We first need to parameterize the sphere and we’ve already done a sphere in this problem set so we won’t go into great detail with the parameterization here.

The parameterization for the full sphere is,

\[\vec r\left( {\theta ,\varphi } \right) = \left\langle {5\sin \varphi \cos \theta ,5\sin \varphi \sin \theta ,5\cos \varphi } \right\rangle \]

We don’t want the full sphere of course. We only want the lower half of the sphere, i.e. the portion with \(z \le 0\). This means that we’ll need to restrict \(\varphi \) to \(\frac{1}{2}\pi \le \varphi \le \pi \). Recall that \(\varphi \) is the angle points make with the positive \(z\)-axis and because we only want points below the \(xy\)-plane we’ll need the range of \(\frac{1}{2}\pi \le \varphi \le \pi \).
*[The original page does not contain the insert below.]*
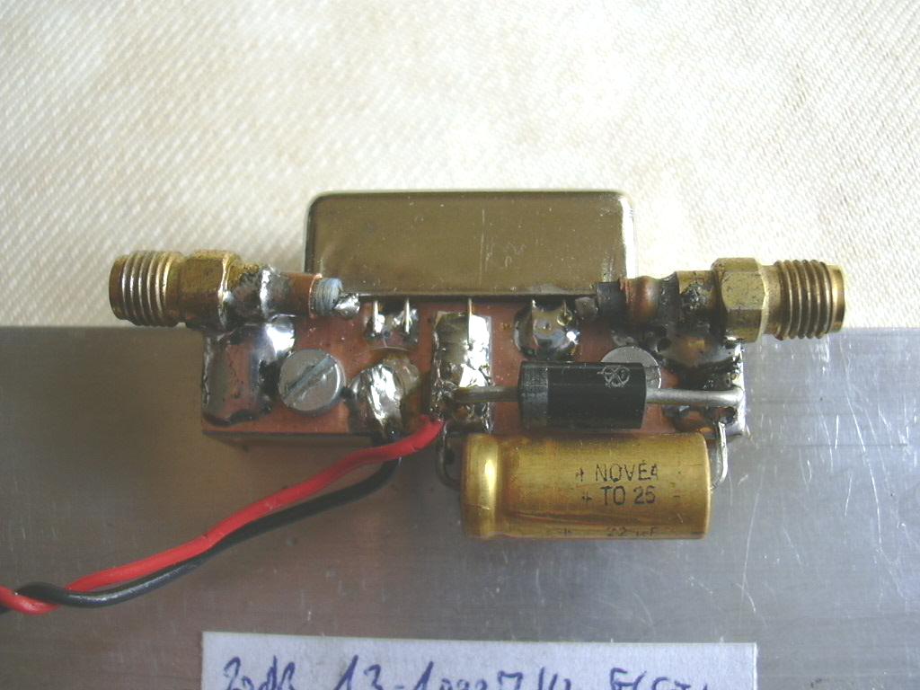 On pouvait trouver ce module à CJ2006. Ce module amplificateur est destiné aux applications CATV. Il est maintenant remplacé par le 2F8723. Tension d'alimentation unique 24 volts, gain de l'ordre de 22 dB, capable de fournir plus de 100 mW, et bien qu'étant adapté 75 ohms, si l'on accepte une dégradation de l'adaptation, il peut rendre de grands services dans des applications d'amplification large bande ou lorsqu'on a besoin de "booster un OL" . En effet, il est utilisable de 20 à 1000 MHz, voire 1300 MHz en ne de dépassant pas 0 dBm en entrée. Sa mise en oeuvre est on ne peut plus simple, une entrée, une sortie,

We want the full lower half and so we’ll use \(0 \le \theta \le 2\pi \) for our \(\theta \) range.

Show Step 2

Next, we need to compute \({\vec r_\theta } \times {\vec r_\varphi }\). Here is that work.

\[{\vec r_\theta } = \left\langle { - 5\sin \varphi \sin \theta ,5\sin \varphi \cos \theta ,0} \right\rangle \hspace{0.5in}{\vec r_\varphi } = \left\langle {5\cos \varphi \cos \theta ,5\cos \varphi \sin \theta , - 5\sin \varphi } \right\rangle \] \[\begin{align*}{{\vec r}_\theta } \times {{\vec r}_\varphi } & = \left| {\begin{array}{*{20}{c}}{\vec i}&{\vec j}&{\vec k}\\{ - 5\sin \varphi \sin \theta }&{5\sin \varphi \cos \theta }&0\\{5\cos \varphi \cos \theta }&{5\cos \varphi \sin \theta }&{ - 5\sin \varphi }\end{array}} \right|\\ & = - 25{\sin ^2}\varphi \cos \theta \,\vec i - 25\sin \varphi \cos \varphi {\sin ^2}\theta \vec k - 25\sin \varphi \cos \varphi {\cos ^2}\theta \vec k - 25{\sin ^2}\varphi \sin \theta \vec j\\ & = - 25{\sin ^2}\varphi \cos \theta \,\vec i - 25{\sin ^2}\varphi \sin \theta \vec j - 25\sin \varphi \cos \varphi \left( {{{\sin }^2}\theta + {{\cos }^2}\theta } \right)\vec k\\ & = - 25{\sin ^2}\varphi \cos \theta \,\vec i - 25{\sin ^2}\varphi \sin \theta \vec j - 25\sin \varphi \cos \varphi \vec k\end{align*}\]

Now, we what we really need is,

\[\begin{align*}\left\| {{{\vec r}_\theta } \times {{\vec r}_\varphi }} \right\| & = \sqrt {{{\left( { - 25{{\sin }^2}\varphi \cos \theta } \right)}^2} + {{\left( { - 25{{\sin }^2}\varphi \sin \theta } \right)}^2} + {{\left( { - 25\sin \varphi \cos \varphi } \right)}^2}} \\ & = \sqrt {625{{\sin }^4}\varphi \left( {{{\cos }^2}\theta + {{\sin }^2}\theta } \right) + 625{{\sin }^2}\varphi {{\cos }^2}\varphi } \\ & = \sqrt {625{{\sin }^2}\varphi \left( {{{\sin }^2}\varphi + {{\cos }^2}\varphi } \right)} \\ & = 25\left| {\sin \varphi } \right|\\ & = 25\sin \varphi \end{align*}\]

Note that we can drop the absolute value bars on the sine because we know that sine will be positive in \(\frac{1}{2}\pi \le \varphi \le \pi \).

Show Step 3

The integral for the surface area is then,

\[A = \iint\limits_{D}{{25\sin \varphi \,dA}} = \int_{0}^{{2\pi }}{{\int_{{\frac{1}{2}\pi }}^{\pi }{{25\sin \varphi \,d\varphi }}\,d\theta }}\]

As noted in the integral above \(D\) is just the ranges of \(\theta \) and \(\varphi \) we found in Step 1.

Show Step 4

Now we just need to evaluate the integral to get the surface area.

\[A = \int_{0}^{{2\pi }}{{\int_{{\frac{1}{2}\pi }}^{\pi }{{25\sin \varphi \,d\varphi }}\,d\theta }} = \int_{0}^{{2\pi }}{{\left. { - 25\cos \varphi } \right|_{\frac{1}{2}\pi }^\pi \,d\theta }} = \int_{0}^{{2\pi }}{{25\,d\theta }} = \require{bbox} \bbox[2pt,border:1px solid black]{{50\pi }}\]